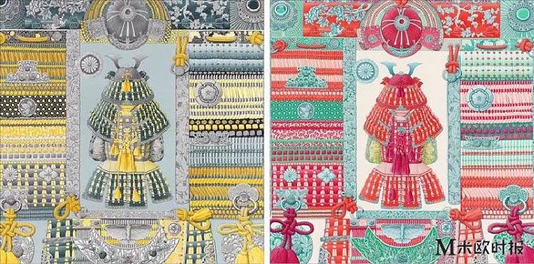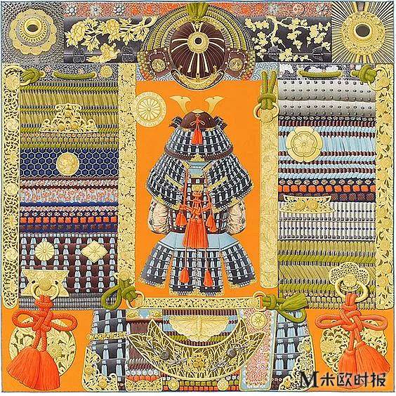 在参观埃米尔的爱马仕收藏品时,皮埃尔·玛丽停在刚刚修复过的马车灯笼前,对其精致的装饰感到震惊。 他还发现了其他四十多个形态各异的马灯,这激发了他创作爱马仕丝巾图案的灵感,有对角线的丝巾。 然后,他有了通过添加个人风格来突出其独创性的想法。 每盏灯成为一个马术场景的剧院。 马,海马和嵌合体在灯光下跳舞。 有些形成了卡鲁塞尔凯旋门,还有一些加上了一个骑手。 这些丝巾是对装饰艺术的一种颂扬,是对古代车马匠创造力的致敬。 4,日本武士
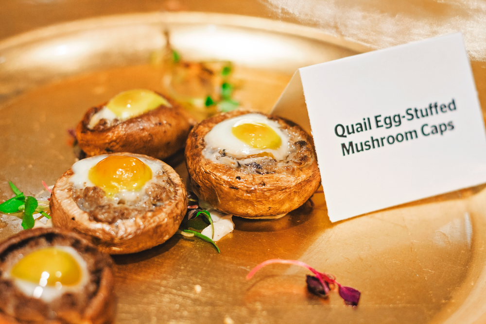 Quail-egg-stuffed mushrooms float across the room on their well-deserved golden thrones. Photo: Talyn Sherer
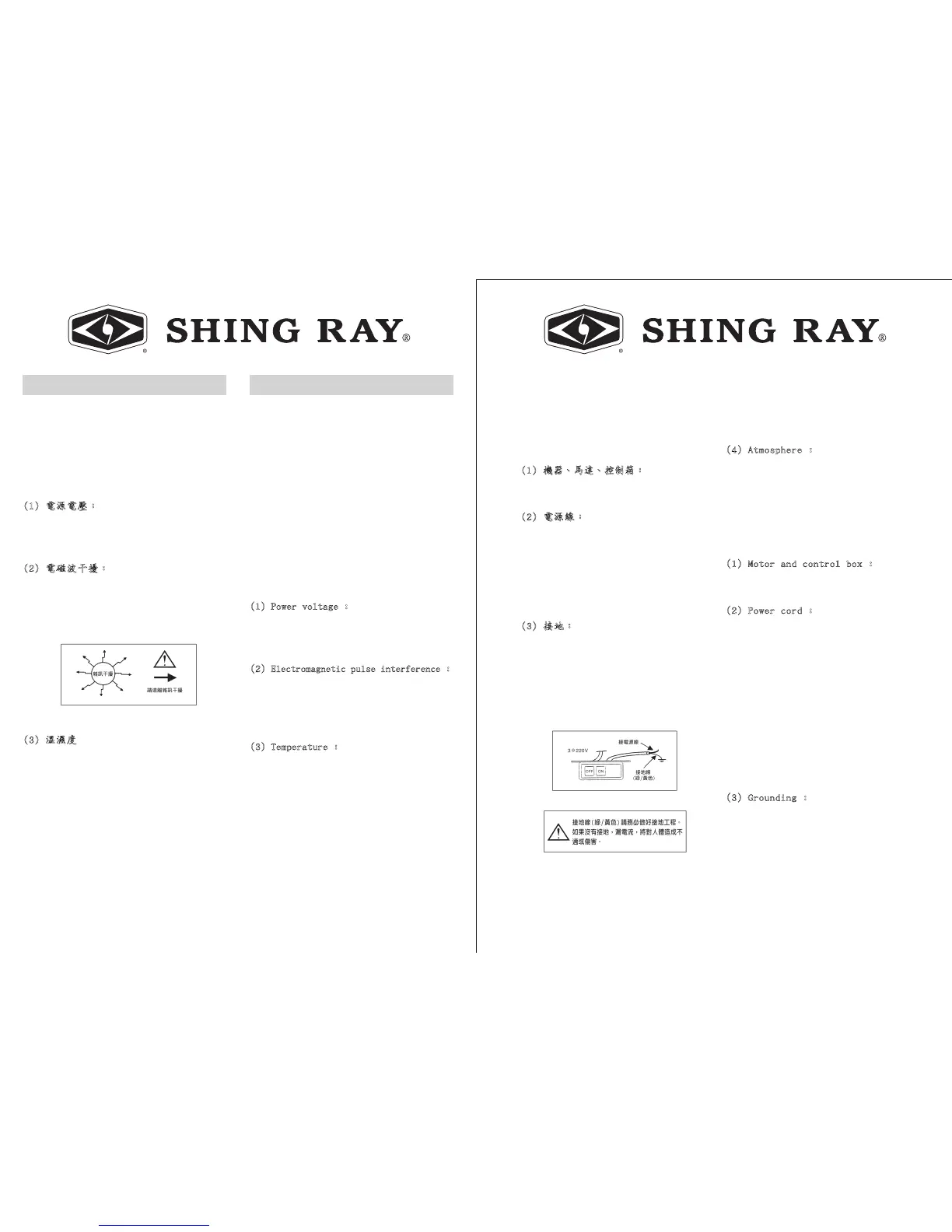 電源電壓請遵照馬達與控制箱 牌
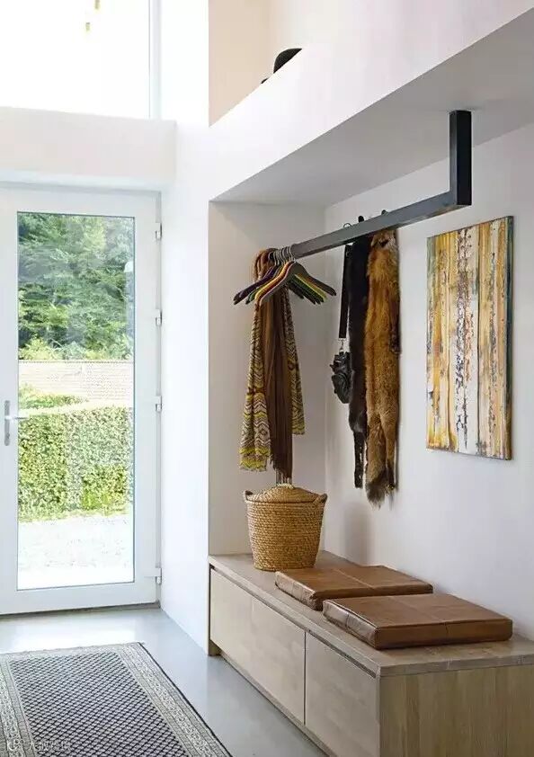 ▲在玄关转角处,规划入鞋柜与衣帽空间,满足全家人的收纳需求。
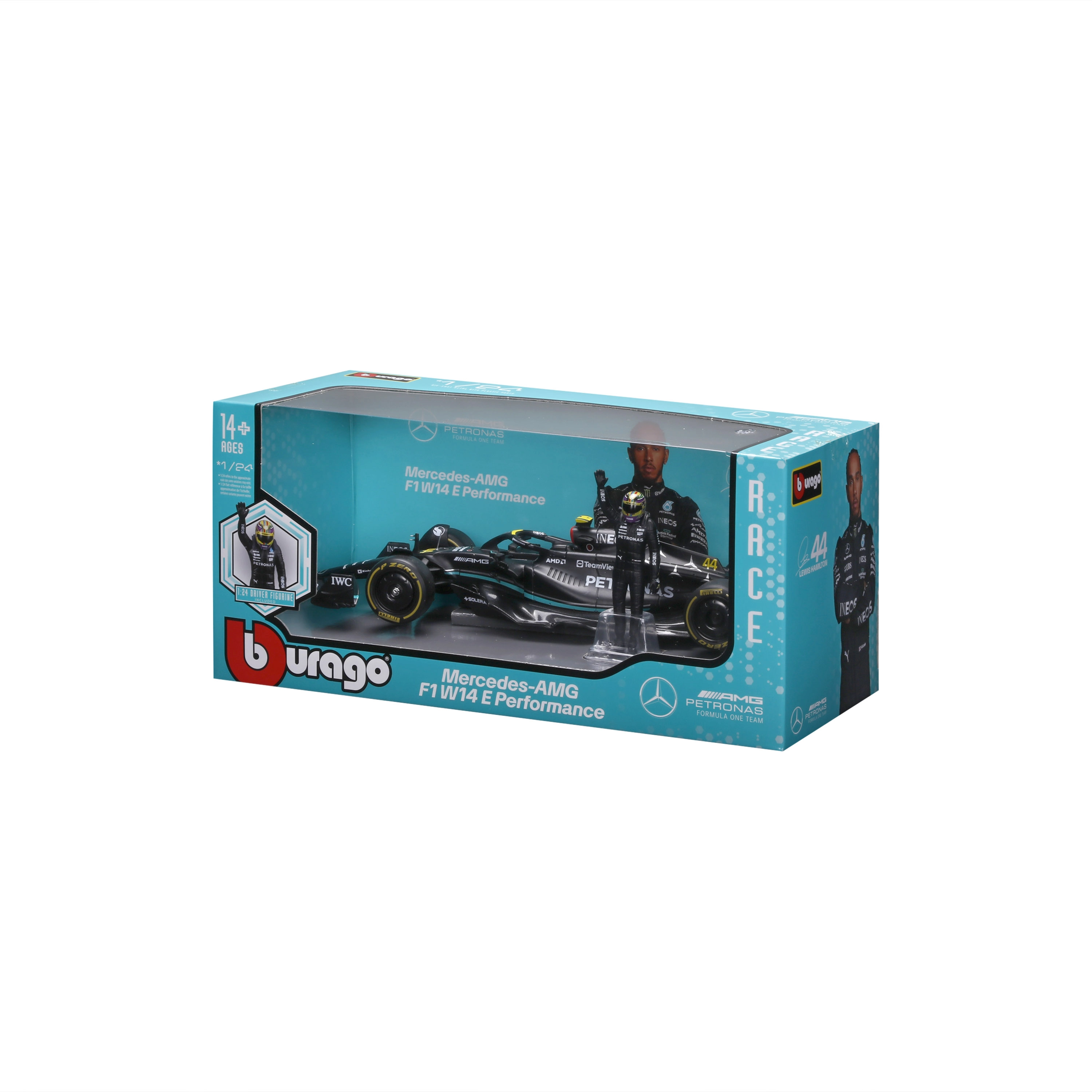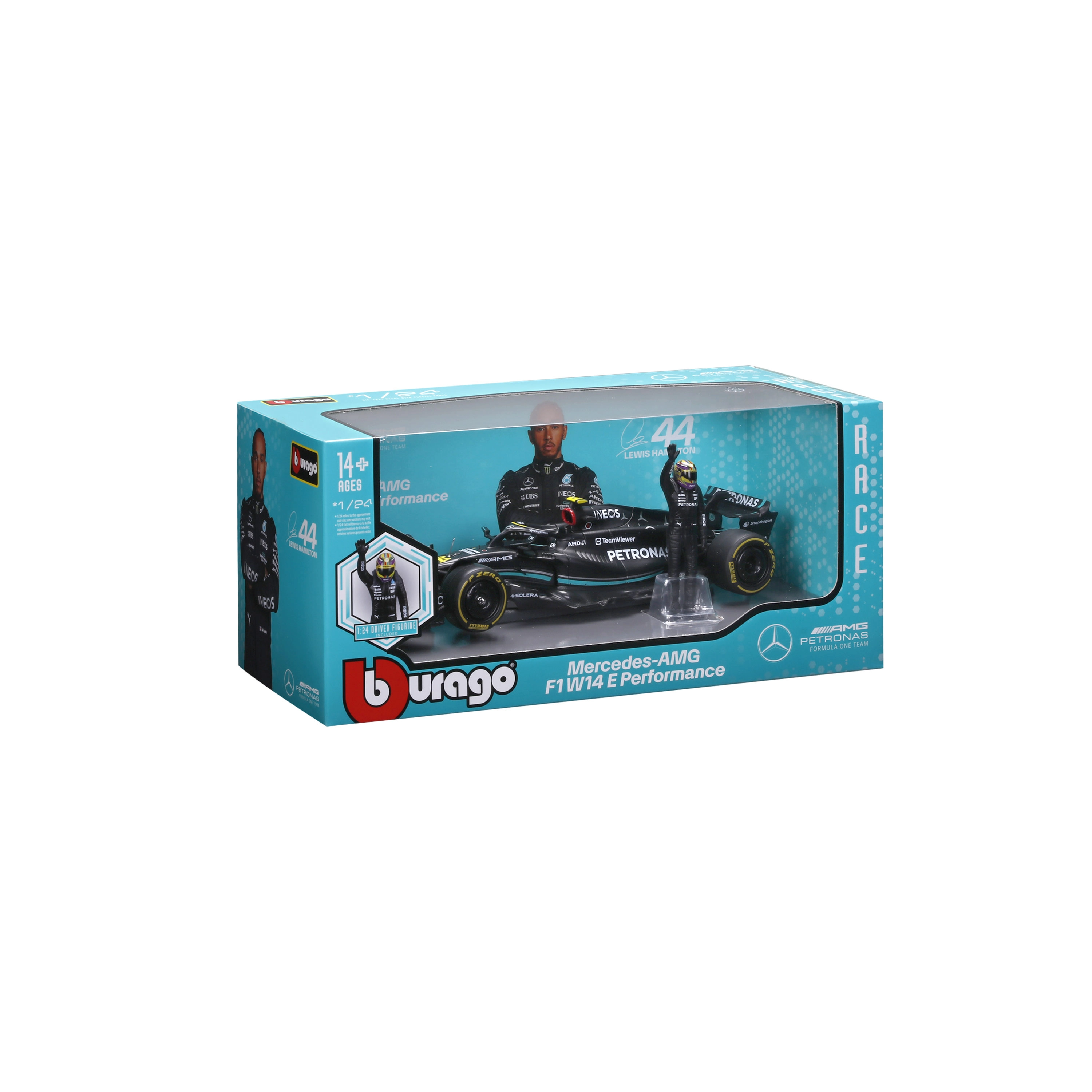 Ikonický monopost MERCEDES-AMG F1 W14 E v mierke 1:24 od značky Bburago prináša vernú repliku vozidla s číslom 44 pilota LEWIS HAMILTON. Model zaujme detailným spracovaním, realistickým lakovaním a sponzorskými logami, otáčajúcimi sa kolesami a priloženou figúrkou jazdca. Ideálne pre zberateľov aj ako štýlový darček v darčekovom boxe.

▬▬▬

● **PROBLEM DETAILS**
Print the entries above word for word, without pictures.

● **EXERCISE OUTPUT**
 在参观埃米尔的爱马仕收藏品时,皮埃尔·玛丽停在刚刚修复过的马车灯笼前,对其精致的装饰感到震惊。 他还发现了其他四十多个形态各异的马灯,这激发了他创作爱马仕丝巾图案的灵感,有对角线的丝巾。 然后,他有了通过添加个人风格来突出其独创性的想法。 每盏灯成为一个马术场景的剧院。 马,海马和嵌合体在灯光下跳舞。 有些形成了卡鲁塞尔凯旋门,还有一些加上了一个骑手。 这些丝巾是对装饰艺术的一种颂扬,是对古代车马匠创造力的致敬。 4,日本武士
 Quail-egg-stuffed mushrooms float across the room on their well-deserved golden thrones. Photo: Talyn Sherer
 電源電壓請遵照馬達與控制箱 牌
 ▲在玄关转角处,规划入鞋柜与衣帽空间,满足全家人的收纳需求。
 Ikonický monopost MERCEDES-AMG F1 W14 E v mierke 1:24 od značky Bburago prináša vernú repliku vozidla s číslom 44 pilota LEWIS HAMILTON. Model zaujme detailným spracovaním, realistickým lakovaním a sponzorskými logami, otáčajúcimi sa kolesami a priloženou figúrkou jazdca. Ideálne pre zberateľov aj ako štýlový darček v darčekovom boxe.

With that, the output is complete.